**Task:**
Make an exact copy of the records below, excluding images.

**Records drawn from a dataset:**
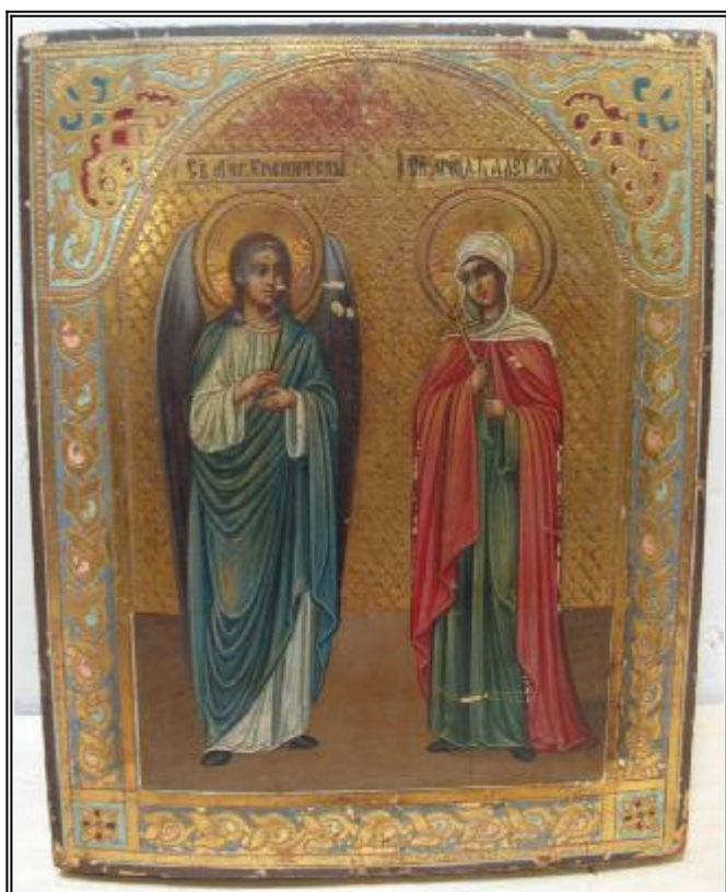
Ангел Хранител и мъченица Калерия
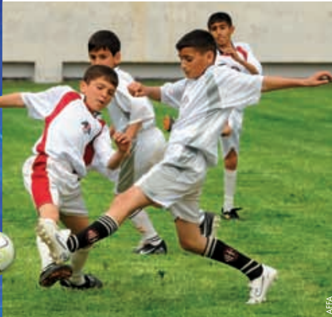
Football de base en Azerbaïdjan.

jan, le Luxembourg, Malte et la Turquie obtiennent trois étoiles, Andorre passe à quatre et l'Arménie ainsi que la République d'Irlande ont dorénavant cinq étoiles.
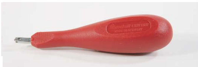
31 127 00 Easy Grip 128.01 SW 120°, ST, mit Gleitschuh / with sliding block
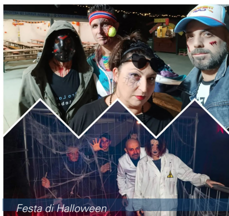
Festa di Halloween
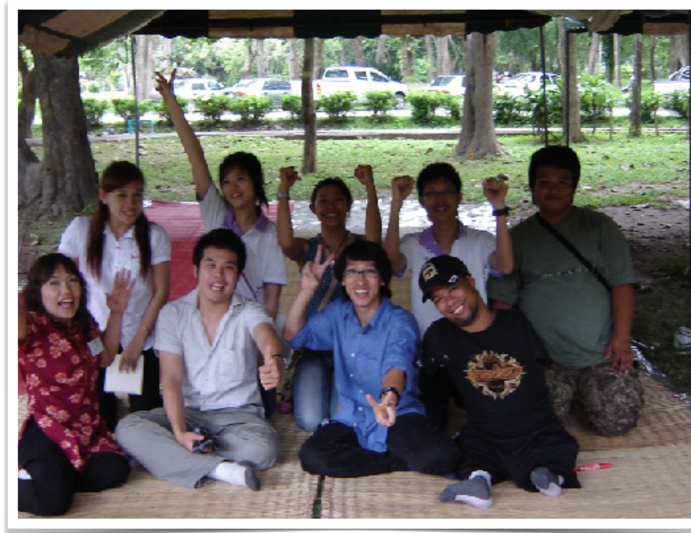
29-31 ส.ค. 2551 วิทยากรอบรมจริยธรรมนักศึกษาปีที่ 1 มช.
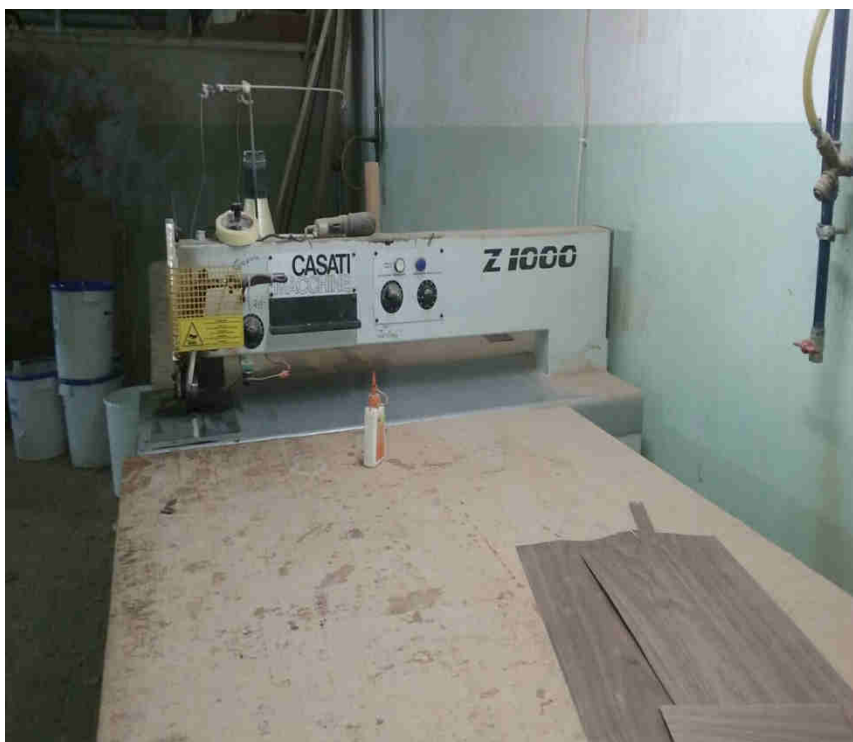
Zszywarka (zgrzewarka) do forniru, producent CASATI MACCHINE S.R.L.
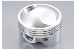
専用ハイコンプ鍛造削り出しピストン

(キット内容) HRシリンダーヘッドASSY(ハイレンジバルブスプリング組込済)、ハイレンジカムシャフト φ52mm鍛造削り出しピストン・ピストンリング・アルミシリンダー(鑄鉄スリーブ)・ 13x36ピン・クリップ・スチールヘッドガスケットセット
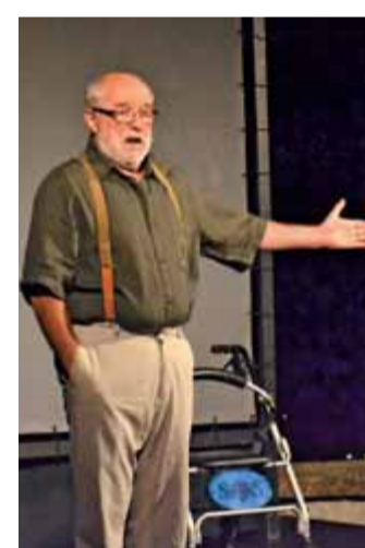
Letošnja glavna novost Kamfesta je bil čisto pravi letni kino in gledališče pod zvezdami. Na gradu Zaprice je bila legendarna monokomedija Uroša Fürsta Jamski človek razprodana, vzdušje pa enkratno z veliko komunikacije med igralcem in občinstvom. Podobno je bilo z Rifletovim Starim fotrom, le da je vse malce zeblo.
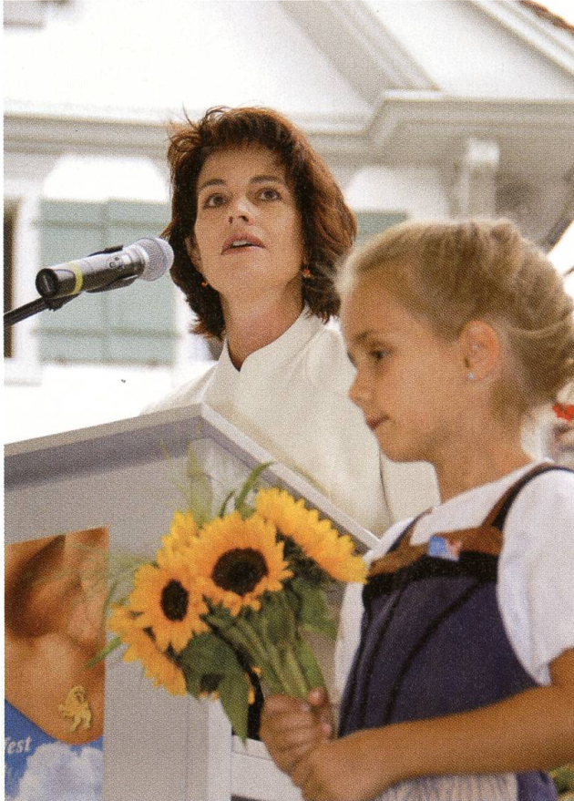
Hoher Gast am Sonntag: Bundesrätin Doris Leuthard.
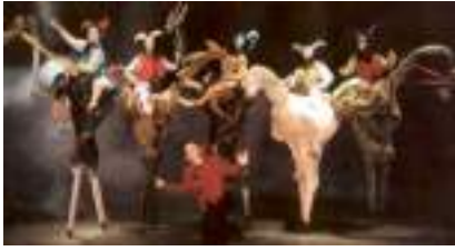
DIABLES SUR ECHASSES: l'Enfer est à vous

**Task result:**
Ангел Хранител и мъченица Калерия
Football de base en Azerbaïdjan.

jan, le Luxembourg, Malte et la Turquie obtiennent trois étoiles, Andorre passe à quatre et l'Arménie ainsi que la République d'Irlande ont dorénavant cinq étoiles.
31 127 00 Easy Grip 128.01 SW 120°, ST, mit Gleitschuh / with sliding block
Festa di Halloween
29-31 ส.ค. 2551 วิทยากรอบรมจริยธรรมนักศึกษาปีที่ 1 มช.
Zszywarka (zgrzewarka) do forniru, producent CASATI MACCHINE S.R.L.
専用ハイコンプ鍛造削り出しピストン

(キット内容) HRシリンダーヘッドASSY(ハイレンジバルブスプリング組込済)、ハイレンジカムシャフト φ52mm鍛造削り出しピストン・ピストンリング・アルミシリンダー(鑄鉄スリーブ)・ 13x36ピン・クリップ・スチールヘッドガスケットセット
Letošnja glavna novost Kamfesta je bil čisto pravi letni kino in gledališče pod zvezdami. Na gradu Zaprice je bila legendarna monokomedija Uroša Fürsta Jamski človek razprodana, vzdušje pa enkratno z veliko komunikacije med igralcem in občinstvom. Podobno je bilo z Rifletovim Starim fotrom, le da je vse malce zeblo.
Hoher Gast am Sonntag: Bundesrätin Doris Leuthard.
DIABLES SUR ECHASSES: l'Enfer est à vous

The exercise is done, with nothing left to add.